Beypazarı'nın artık maden suyundan bahsetmeme gerek yok.büyük şehirlerde marketlerde bolca bulabilirsiniz.buraya geldiğinizde membağından doya doya için.

uzun lafın kısası Beypazarı midenizi mutlu edecektir.sadece midenizi değil kesenize de sempatiyle sırıttıracaktır.
unuttuğum bir çok şeyle beraber,bir kez daha saymak istiyorum ki giderseniz yemeden,içmeden dönmeyin.saymak da,sayarken ağzımın sulanması da hoşumada gitti açıkçası.

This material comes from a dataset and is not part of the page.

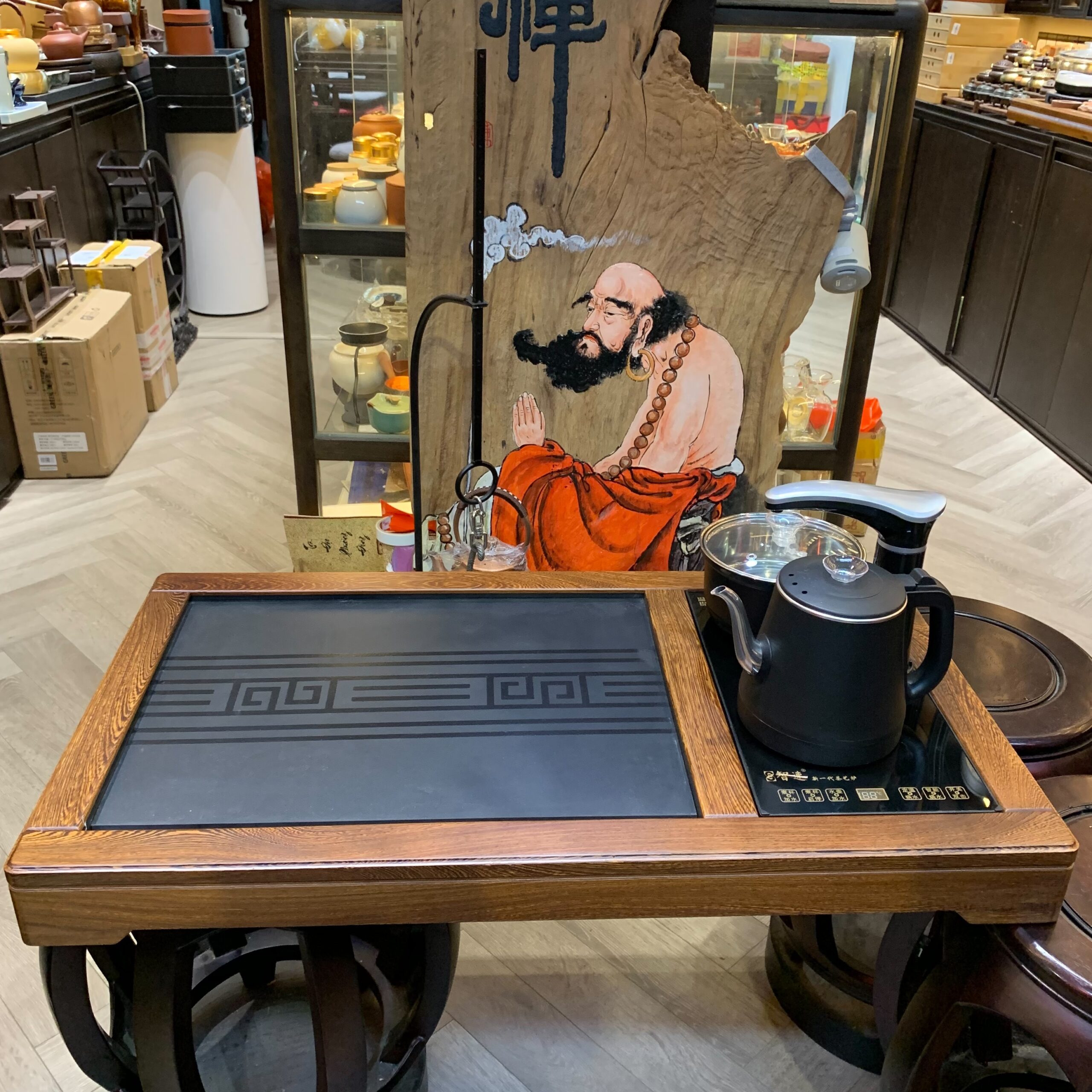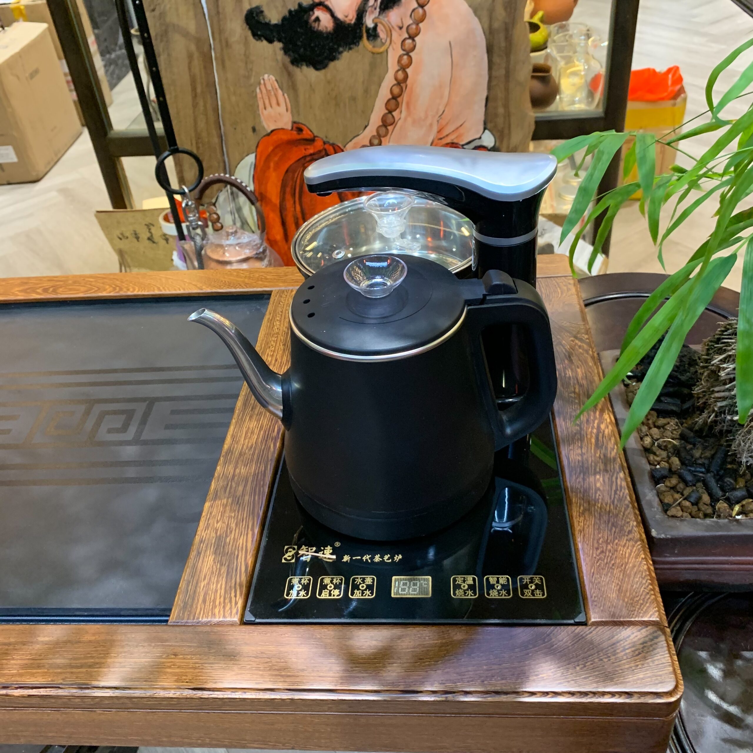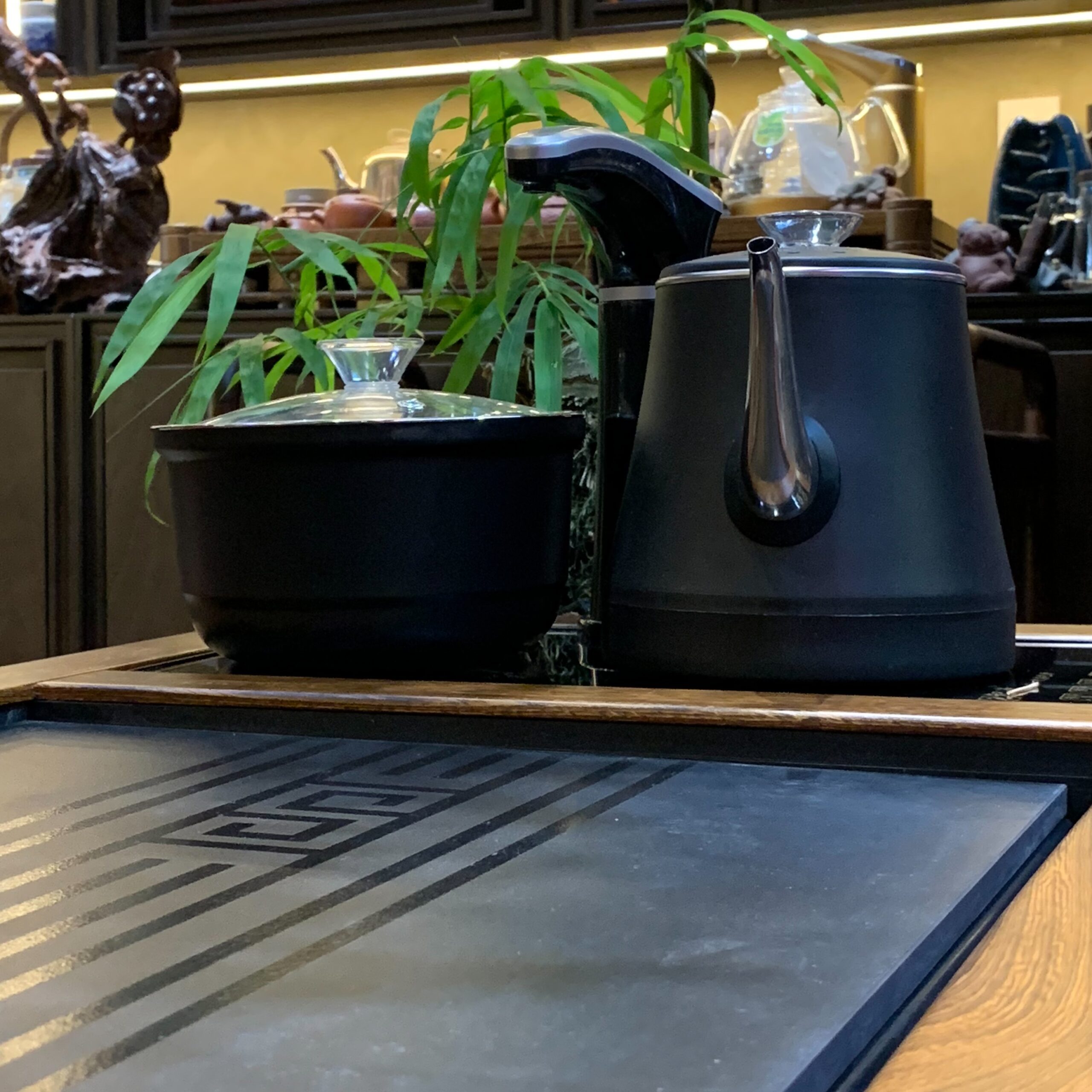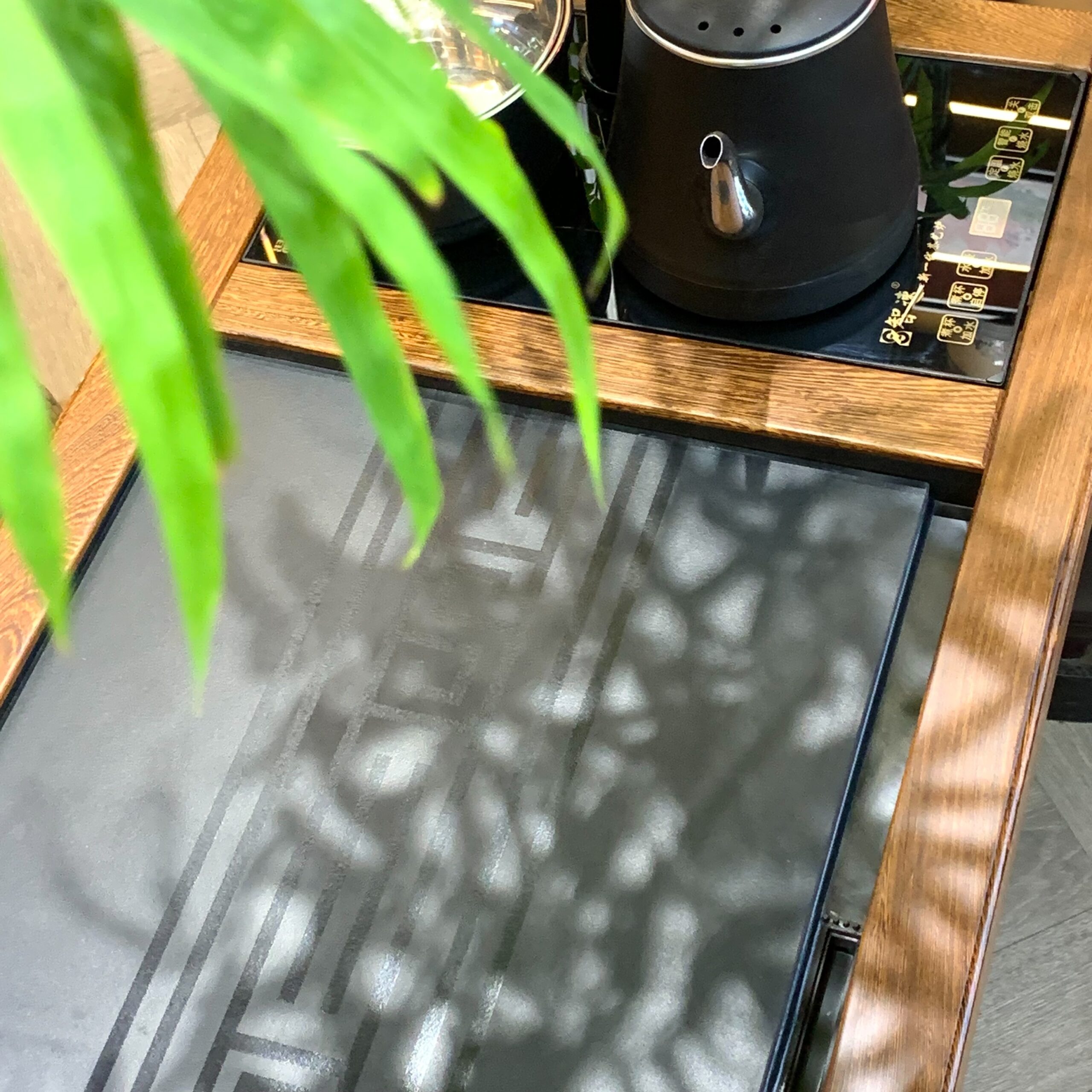 Điểm tạo nên sự khác biệt của dòng bàn trà điện đa năng này nằm ở hệ thống điện được tích hợp tinh vi: bếp đun nước tốc độ cao giúp nước sôi nhanh đều, vòi nước tự động có thể điều chỉnh lưu lượng, và khay thoát nước âm sàn giữ mặt bàn luôn khô ráo. Toàn bộ dây điện được ẩn gọn bên trong khung gỗ — không lộ dây, không mất thẩm mỹ. Mọi thao tác pha trà Công Phu, từ tráng ấm đến châm nước, đều gói gọn trong một không gian.
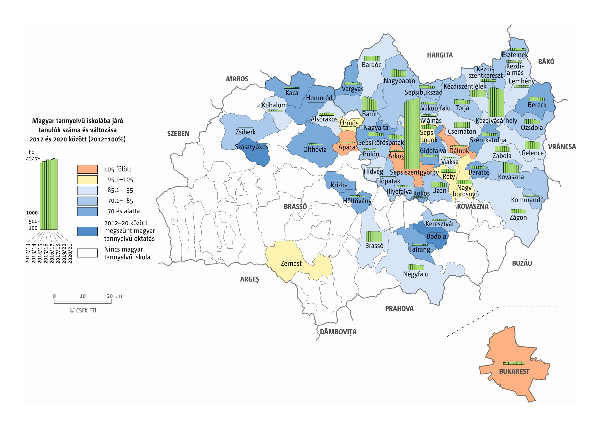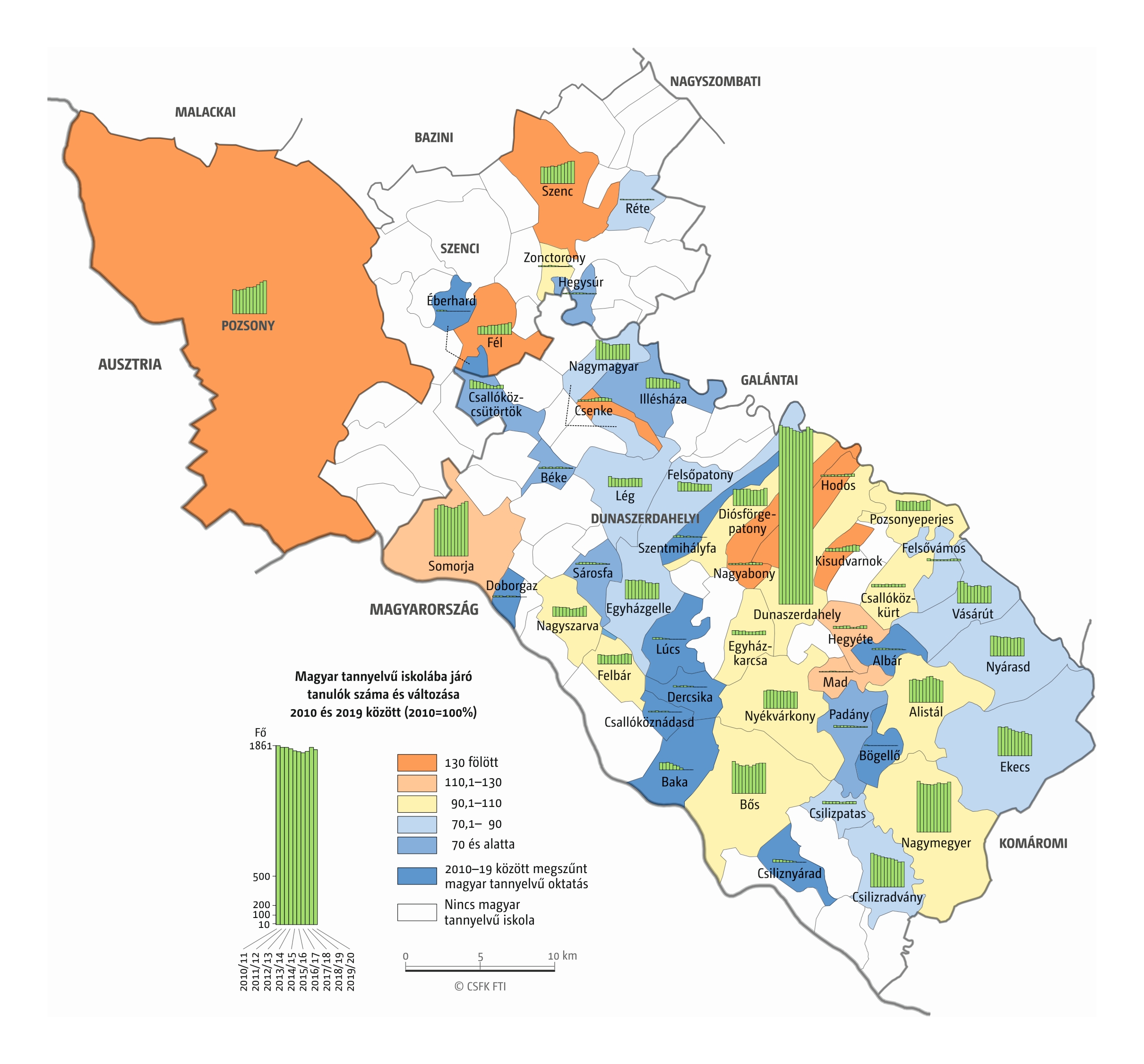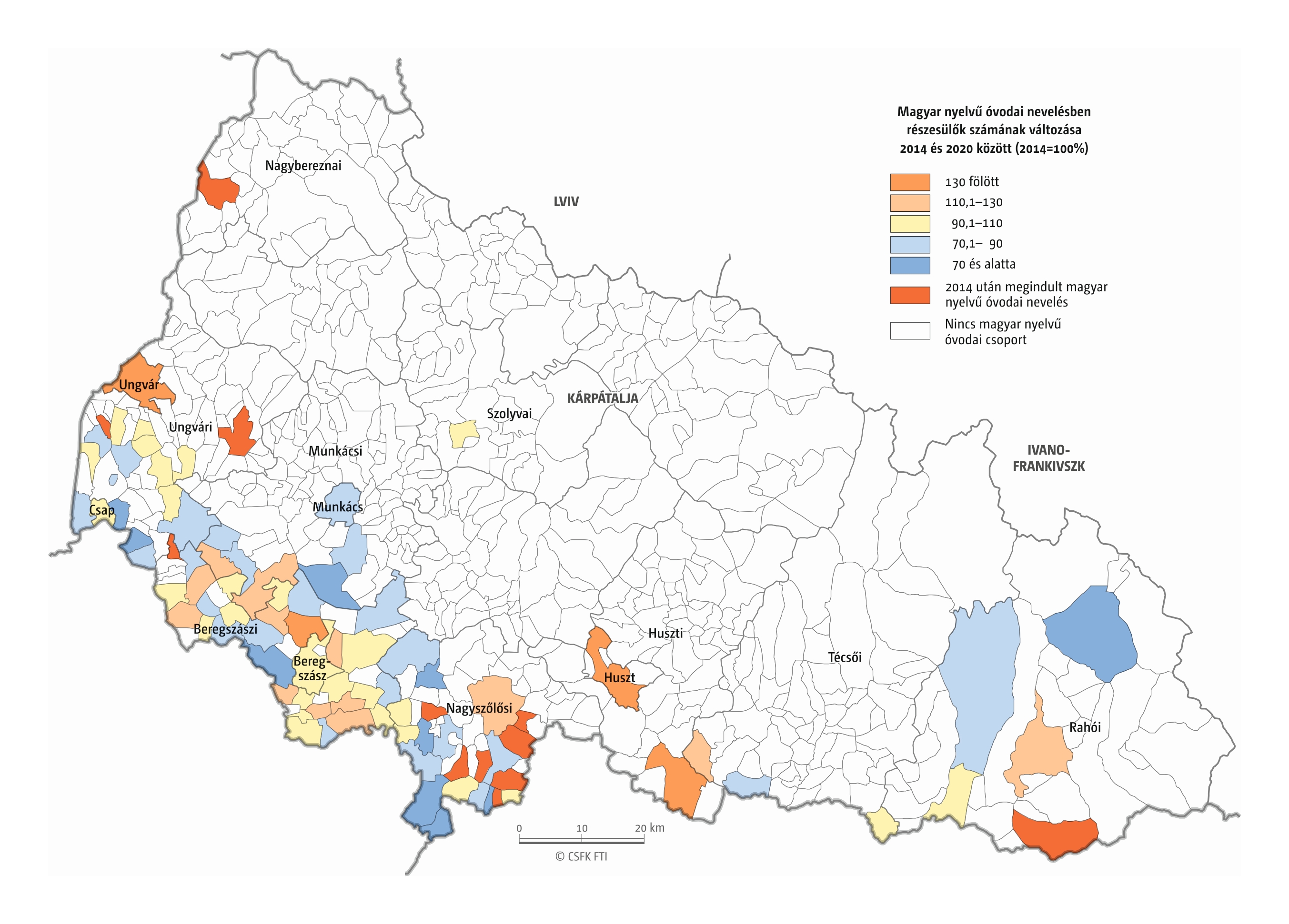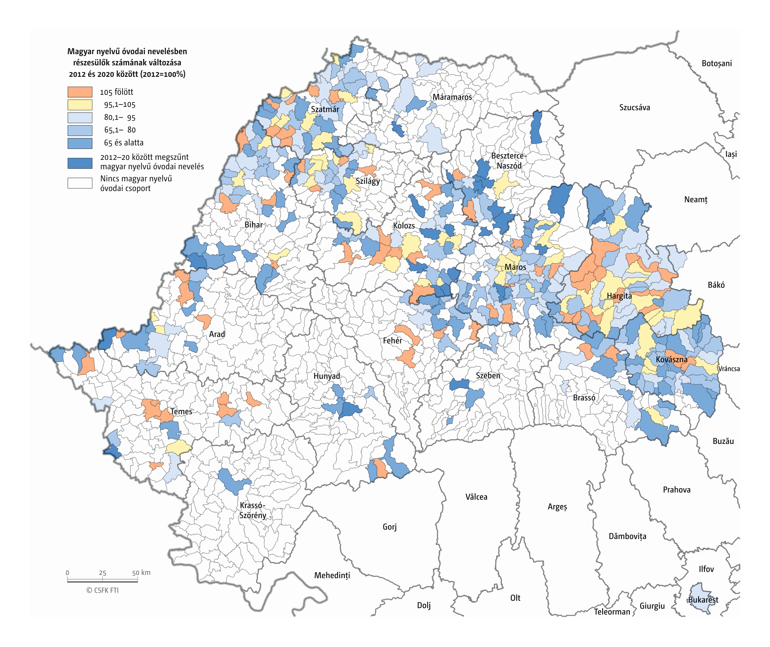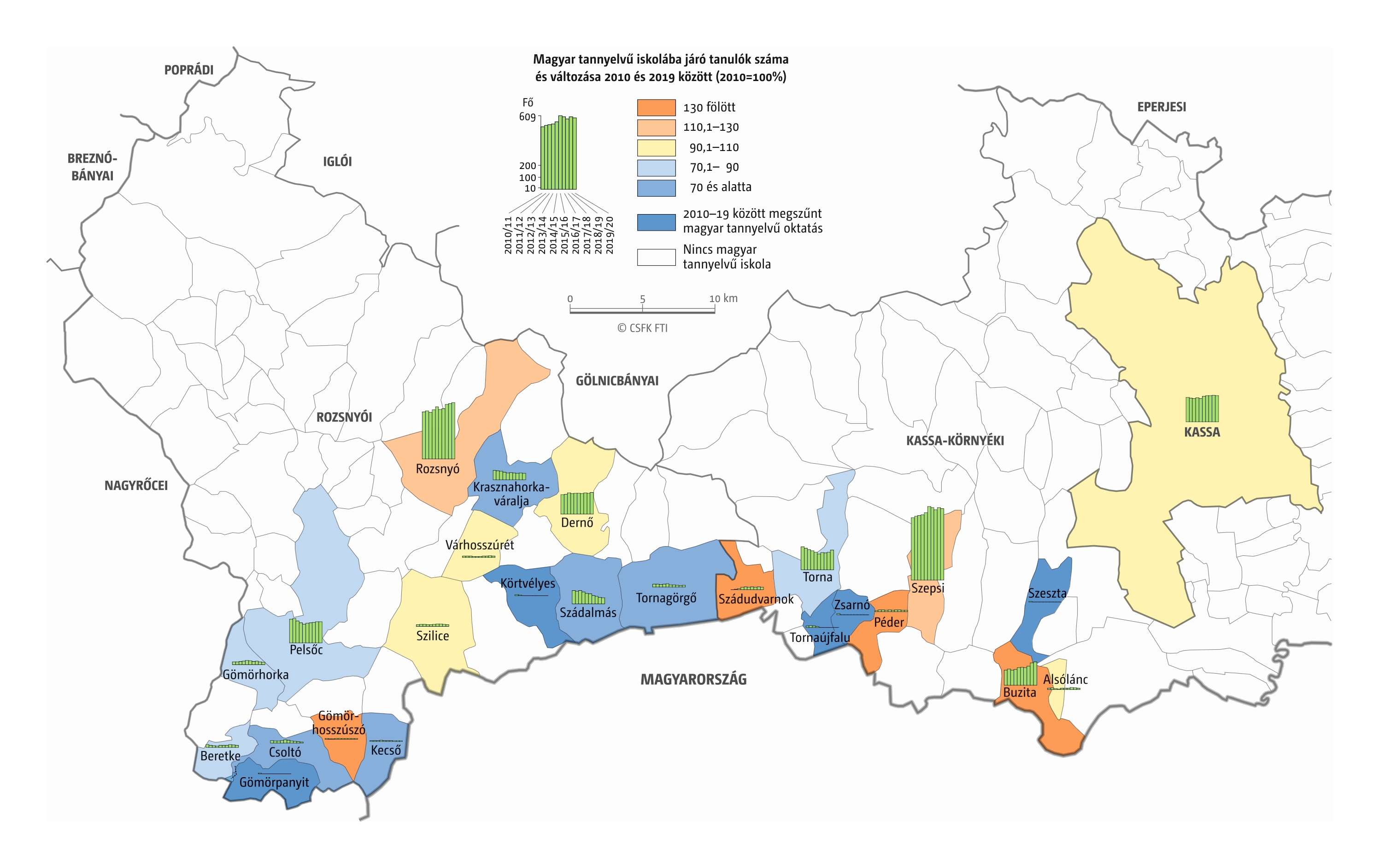 Fontos megjegyeznünk, hogy ha az első vagy az utolsó év kiugró értéket mutat a települési szinten bemutatott változások esetében, vagy ha nagyon alacsony a gyereklétszám (és emiatt már egy-két gyerek megjelenése/eltűnése alapvetően befolyásolja a százalékos változást mutató adatokat), az jelentősen torzíthatja a folyamatok értelmezését, vizualizációját. Ennek kiküszöbölésére a legtöbb esetben kiválóan alkalmasak a járási/megyei szintre aggregált adatok, amelyek általában több iskola adatait összesítik, illetve együtt jelenítik meg funkcionálisan összetartozó térségek (pl. város és vonzáskörzete) adatait. Kivételt jelentenek ez alól azok a szórványterületek, ahol egy járásban/megyében/körzetben mindössze egy-két intézmény adata jelenik meg (pl. a Szerémségben az egyetlen magyar iskola Maradékon található, ahol 2015 és 2019 között a tanulók száma 5 és 10 fő között mozgott). Ugyanígy a trendek érzékeltetését szolgálják azok a részletesebb, egy-egy kistérségre fókuszáló települési szintű térképek, ahol oszlopdiagramokon ábrázoltuk a vizsgált időszak minden évének tanulói létszámát. Ez utóbbi minden vizsgált országra mind az óvodai, mind az általános iskolai szintre elkészült, leszámítva a kárpátaljai óvodákat, ahol a kevés rendelkezésre álló adat miatt ilyen térképek nem készültek.

1-keş (yoğurtun serleştirilmesinden elde ediliyor.sert,tuzlu,rendelenerek makarna,yumurta,ekmek içinde harikalar yaratıyor.)
2-bazlama (hemen hemen herkes bilir.ekmek türevi,sıcak yendiğinde bol yedirir)
3-havuç suyu
4-odun ateşi türk kahvesi
5-80 katlı baklavası
6-uzun ince sarılmış yaprak sarması
7-Beypazarı güveci
8-Beypazarı kurusu (çayla yiyebileceğiniz galeta tarzı tereyağlı gevrek)
9-alıç (olsada yesek)
10-ev yapımı reçeller,erişteler

alınacak eşyalar,hatıra ürünler:Beypazarı gümüşüyle,aslında altın işlemeciliğiyle de dünya çapında bir üne sahip.telkari denilen Antakya'da da bolca yapılan bir yöntemle dantel işlenir gibi işleniyor gümüş yada altın.broşlara,küpelere bak bak doyamazsınız.hepsi tablo gibi.yörede gelin olacak kızlara kemer bile yapılırmış zamanında.acı olan tarafı şimdilerde bir çok mağaza yabancı ülkelerden gelen telkari taklidi hatta Beypazarı motifleri takliti daha ucuz ürünleri satıyor olması.bizim ustalarımız,bizim işçiliğimiz,geleneğimiz,geçmişimiz,geleceğimiz de yok oluyor yavaş yavaş.bu acı verdi bize.valilik,yöre halkı buna dur demeli.alış veriş yaparken benim gibi yerli yada ithal olup olmadığın sadece satıcıya sorarak anlayabilirsiniz.yani insaflı esnaflara kaldı işimiz.ama gelen insanlar ucuz diye yabancı mallara yöneldikçe bu bilgiyide doğru alamamaya başlayacağız.her girdiğim dükkanda ne kadar kötü bir yola doğru sürüklendiklerini ukala deselerde anlatmaya çalıştım.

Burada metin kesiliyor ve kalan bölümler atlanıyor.